:: Assigned task ::
Beginning with the line containing "도 돠 돼 되 됴 두 둬 뒈 뒤 듀 드 듸 와 같은 글자이고" and ending with the line containing "Ring, GG 585/000, Schauseite", write out each line of the records below exactly; pictures and lines outside that range are left out.

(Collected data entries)
◇ ◇ ◇
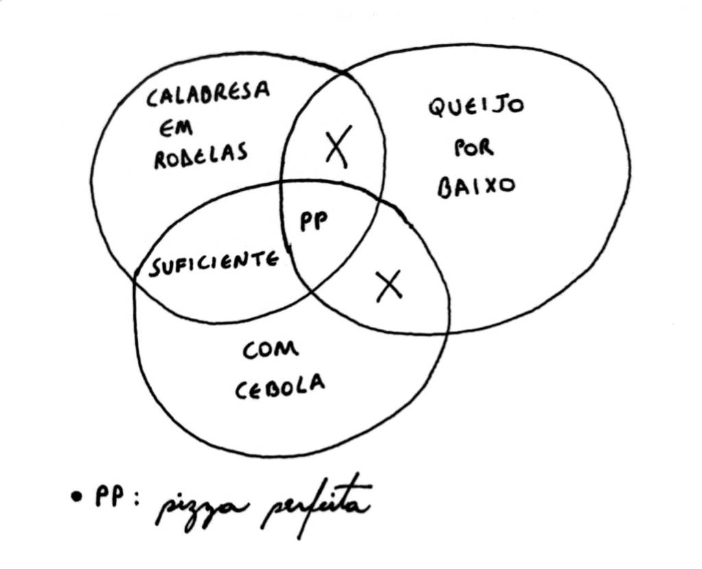 Voltando à terrível pizza sem queijo, na ocasião, naturalmente compartilhei minha desventura, indignada, com meus colegas, ouvi em uníssono: ah, mas você deveria ter pedido toscana, como assim, toscana, quem teria uma ideia tão malévola de fabricar um sabor de pizza sem queijo, já é um milagre o motoboy chegar com a cebola e as rodelas dentro da massa, devido à ausência de cola, que no caso seria precisamente o queijo, e aí aprendi a primeira e maior lição de como me comportar em São Paulo, mas agora vem o segundo problema, toscana nem sempre é a mesma coisa que calabresa + queijo, não senhor:
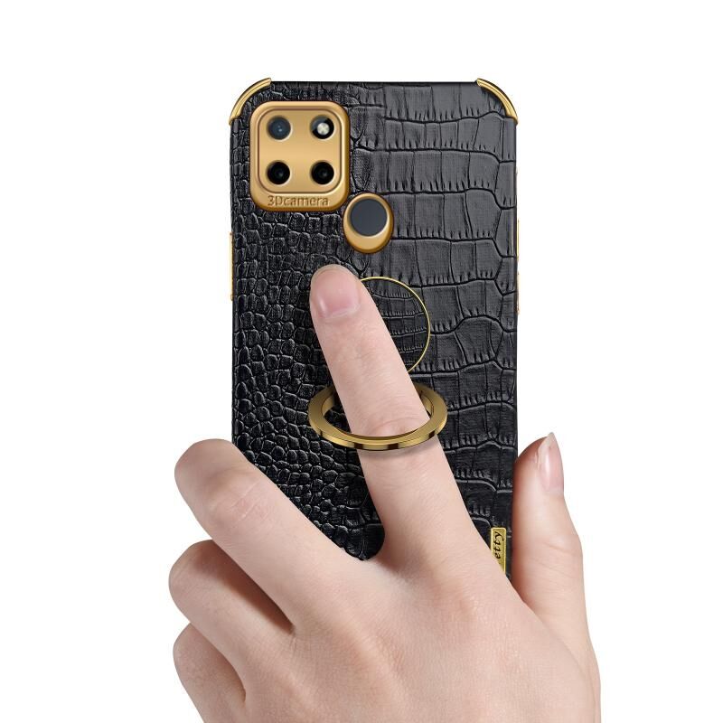 Θήκη τηλεφώνου για Realme C21Y 6D με ηλεκτρολυτική επίστρωση, υφή κροκόδειλου με βάση στήριξης (Λευκό)
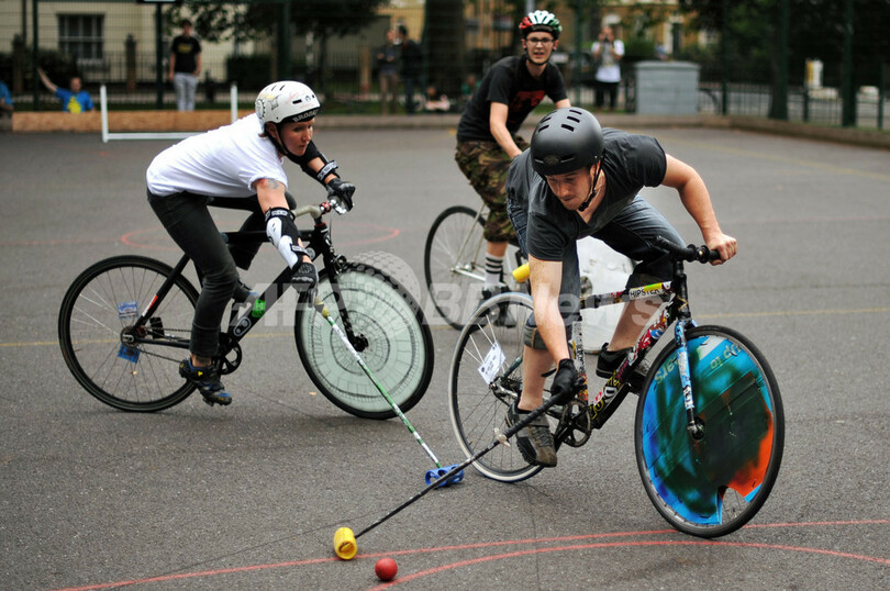 【8月23日 AFP】ロンドン(London)で21日、馬ではなく自転車でポロをする「バイクポロ」の選手権が開かれた。(c)AFP
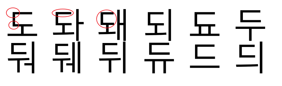 도 돠 돼 되 됴 두 둬 뒈 뒤 듀 드 듸 와 같은 글자이고
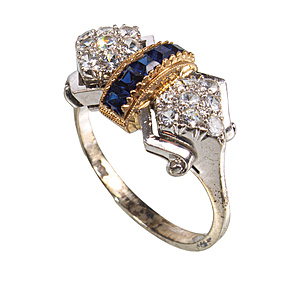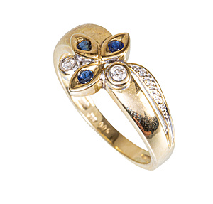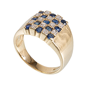 Ring, GG 585/000, Schauseite besetzt mit 12 Stck 8/8-kant Diamanten weiß, 13 Saphire ca. 3,5 ct (facettiert), RW ca. 61,5, total 7,5 g
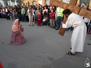 En este punto del recorrido nos encontramos con una de las escenas más emotivas de la escenificación, cuando la Virgen María, que en la vida real es Mercedes, ama de casa, madre de tres niños y mujer de uno de los soldados romanos, se encuentra con Jesús después de pedírselo S. Juan, que es Ramón Agricultor de profesión y se da la circunstancia que Mª Magdalena, es Concha mujer de Ramón, ama de casa, madre de dos niños, su hija Lucía también hacía de pueblo. El papel de la Virgen María en esta escena es impresionante, muchas personas de las que asistimos se nos saltaron las lágrimas en esta escena. Seguimos camino del Calvario por la calle S. Ignacio y nos metemos en el Callejón del Agua.
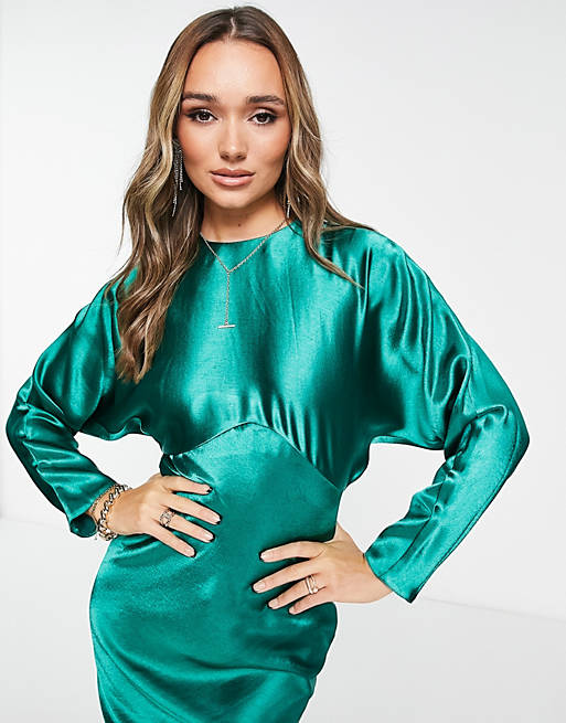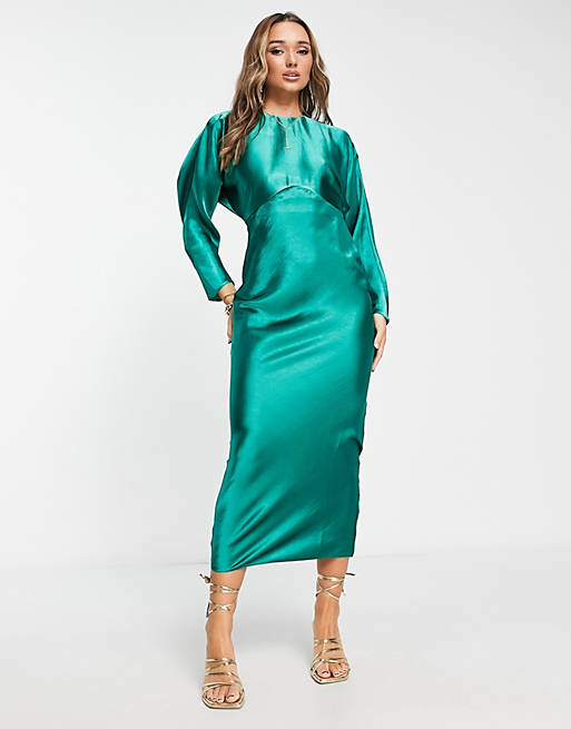 ASOS DESIGN satin batwing bias cut maxi dress in green
◇ ◇ ◇
:: Task answer ::
 도 돠 돼 되 됴 두 둬 뒈 뒤 듀 드 듸 와 같은 글자이고
 Ring, GG 585/000, Schauseite besetzt mit 12 Stck 8/8-kant Diamanten weiß, 13 Saphire ca. 3,5 ct (facettiert), RW ca. 61,5, total 7,5 g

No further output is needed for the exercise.